# Two-holer MiG out of box



## Faust (Dec 1, 2012)

Here’s a neat little kit for a hot summer’s day: the * 1/72 Hobbyboss MiG-15 UTI*! Check out my out of box review to see what’s in store!

Despite the fact it’s a Russian two-holer of which there’s really not any good kits, I have held off buying this thing because I was afraid it would be kind of junky or of poor quality. Well, as I found out, it’s actually a pretty nice kit, even if it is simple! I know Hobbyboss catches some flak, but overall, this was a real surprise to me! 

Are all their “Easy Build” kits this nice?


----------



## djnick66 (May 2, 2008)

The MiG from Hobby Boo Boo is actually half way decent. The new Airfix one is not too bad either. Not great but better than a lot of the other MiG-15 kits to date.


----------



## Faust (Dec 1, 2012)

You know, I'm always shocked at how few MiG 15s there are, or at least good ones. It's one of the most important planes in the modern world, it was a "star" (if you will, a major player, perhaps is better) in the Korean War's famous dogfights, and the US even paid defectors $1Million to get one! 

They're one of those planes that was ubiquitous, so how can there be so many poor replicas (Cough... Dragon... cough) and so few good ones. Finding one to measure and blueprint up should be EASY. Go to any Soviet-bloc junkyard, museum or even African museums, and you'll find them.
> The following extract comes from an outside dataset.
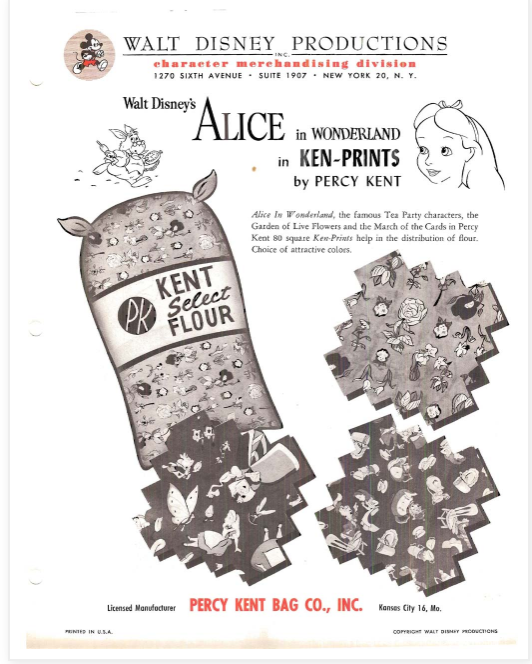 When Alice in Wonderland opened on July 28, 1951, Disney entered into an agreement with the Percy Kent Company to place their images on feed sack bags. The Percy Kent Bag Company was the first firm to put prints onto feed sack fabrics in 1937. To edge out the competition, increase consumer demand and improve sales, the company hired the well-known New York fabric designer A. Charles Barton to be the company’s design director.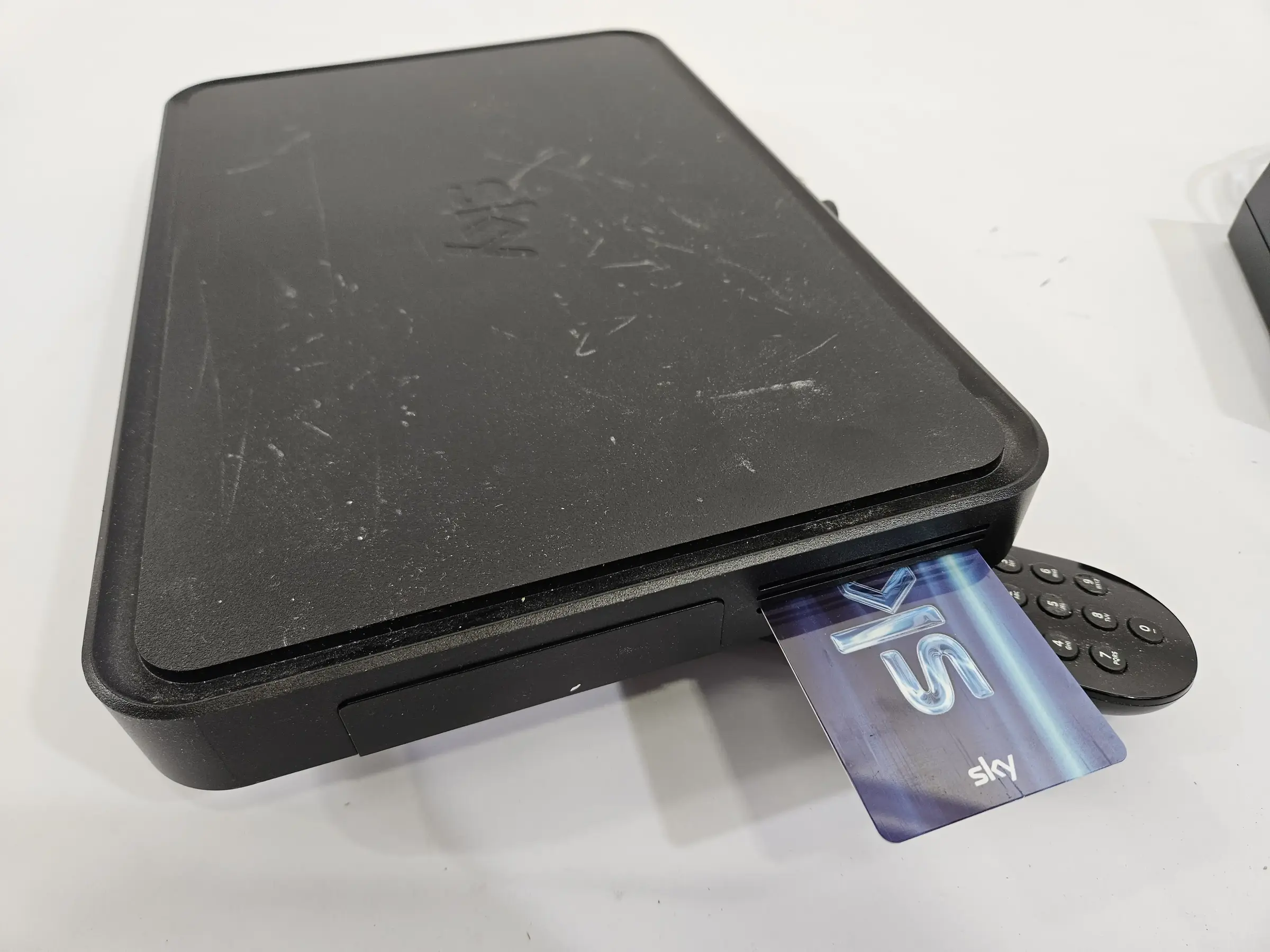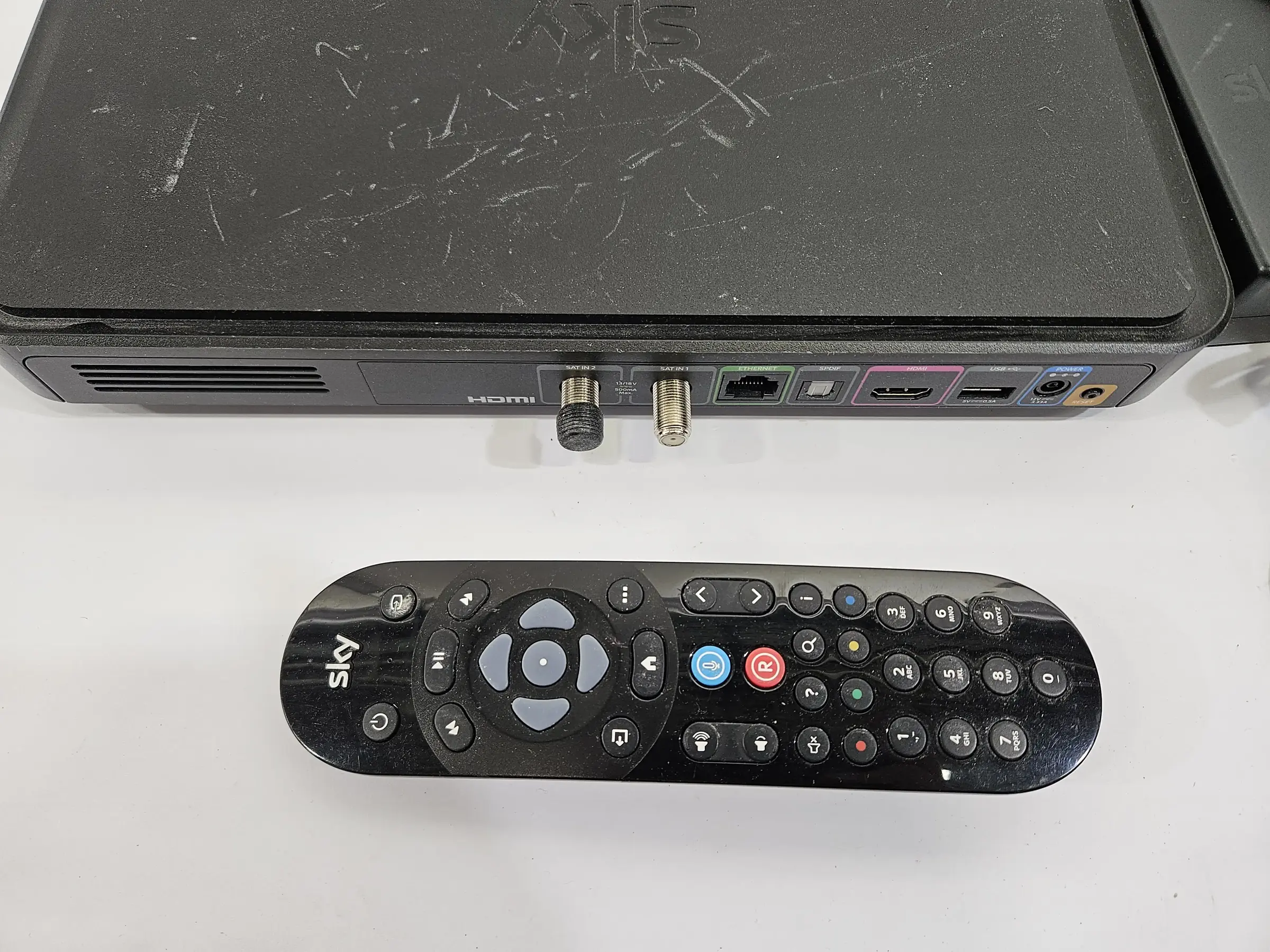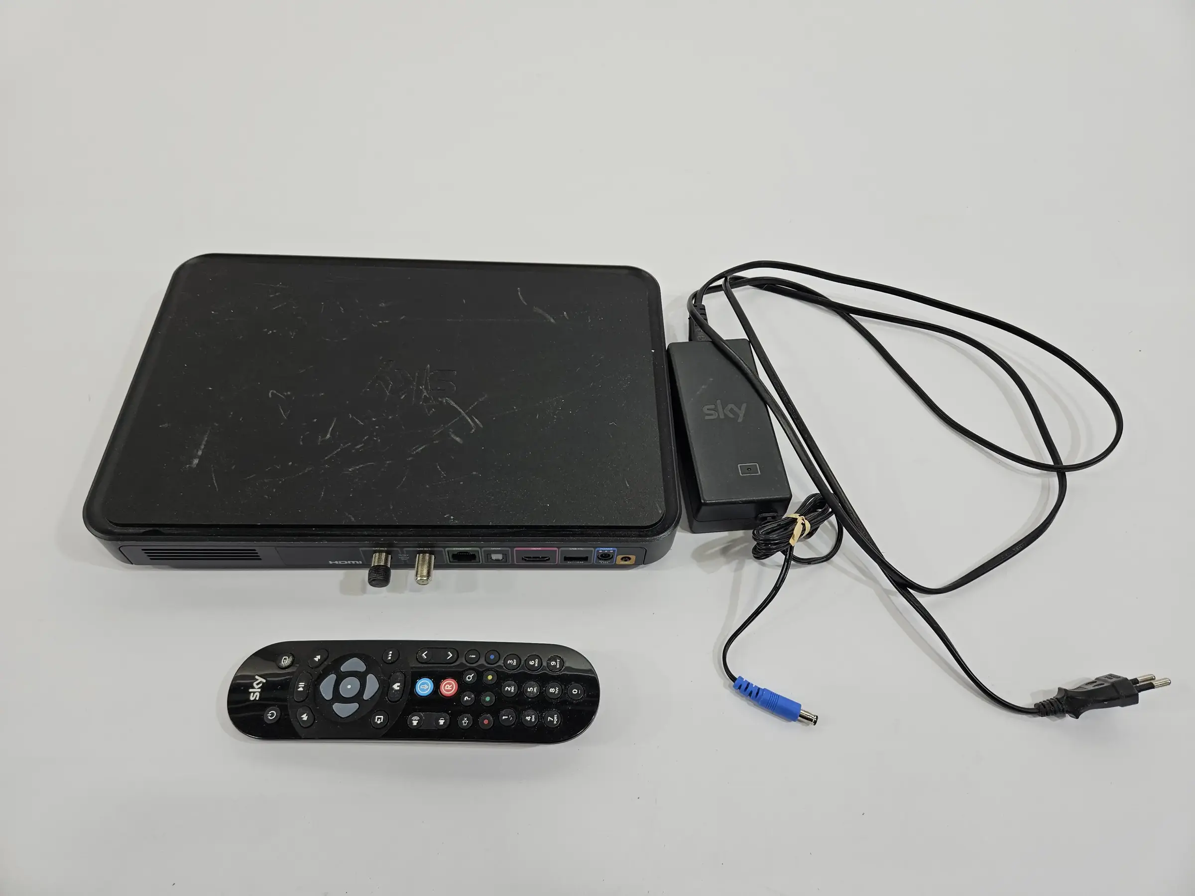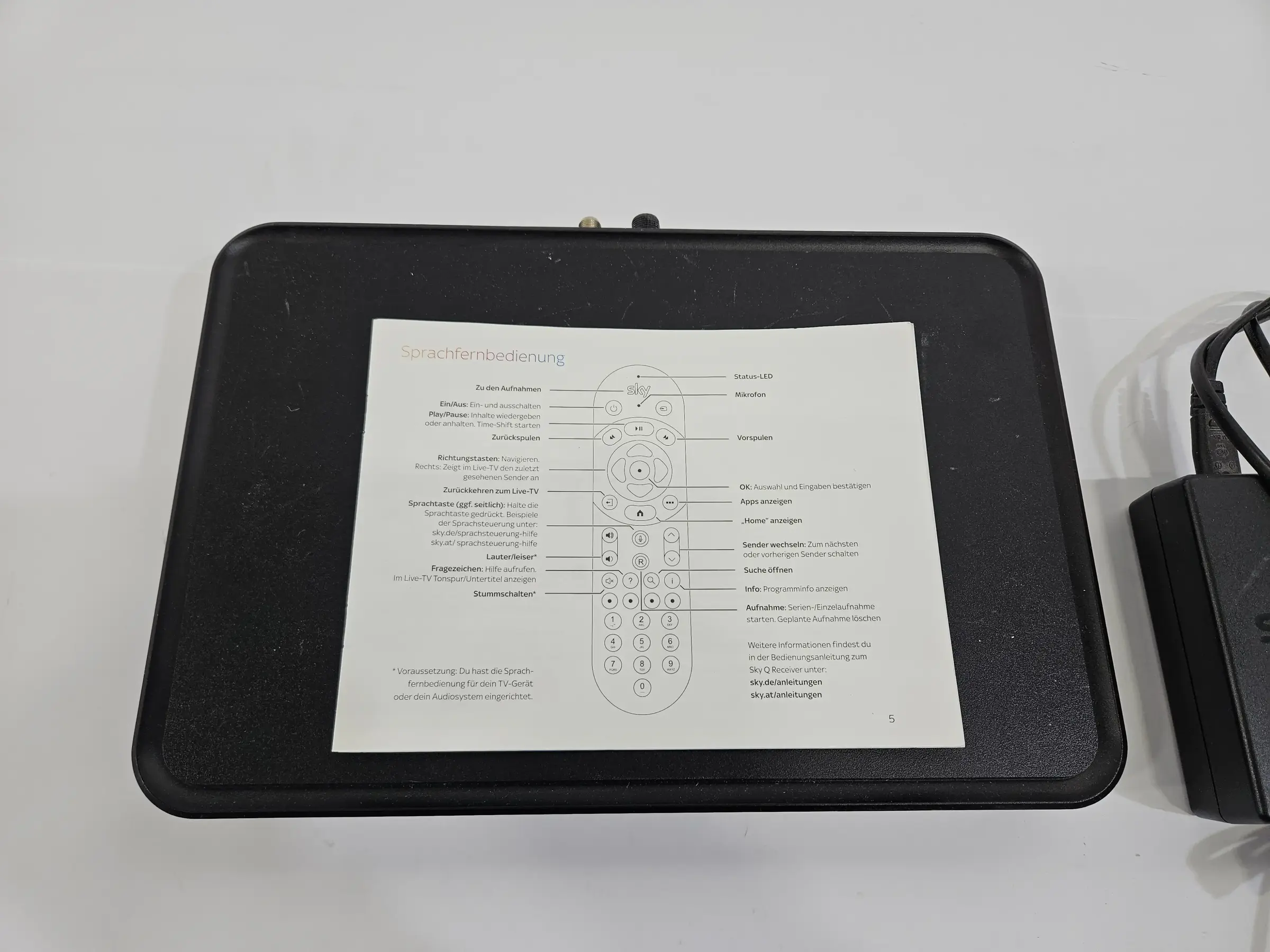 Sprach­fern­be­die­nung, Sky Q SAT-Re­cei­ver. Div. Ge­brauchs­spu­ren

I just baffles me that companies can, in this day and age, not get something so famous right. Okay, that's my rant for today...:hat:


----------



## djnick66 (May 2, 2008)

It's actually not surprising. Hobby Boo Boo's new 1/72 Brewster Buffalo lacks the prominent lower windows ?!?! and their new 1/72 Do. 335 has backwards propellers !?!. Moving up to 1/48 Hobby Boo Boo's new F-80 is pretty much FUBAR with inaccurately shaped cockpit opening, intakes, tip tanks, stabilizers, fin fairing, etc. etc. etc. It's not just the MiG that gets picked on.


----------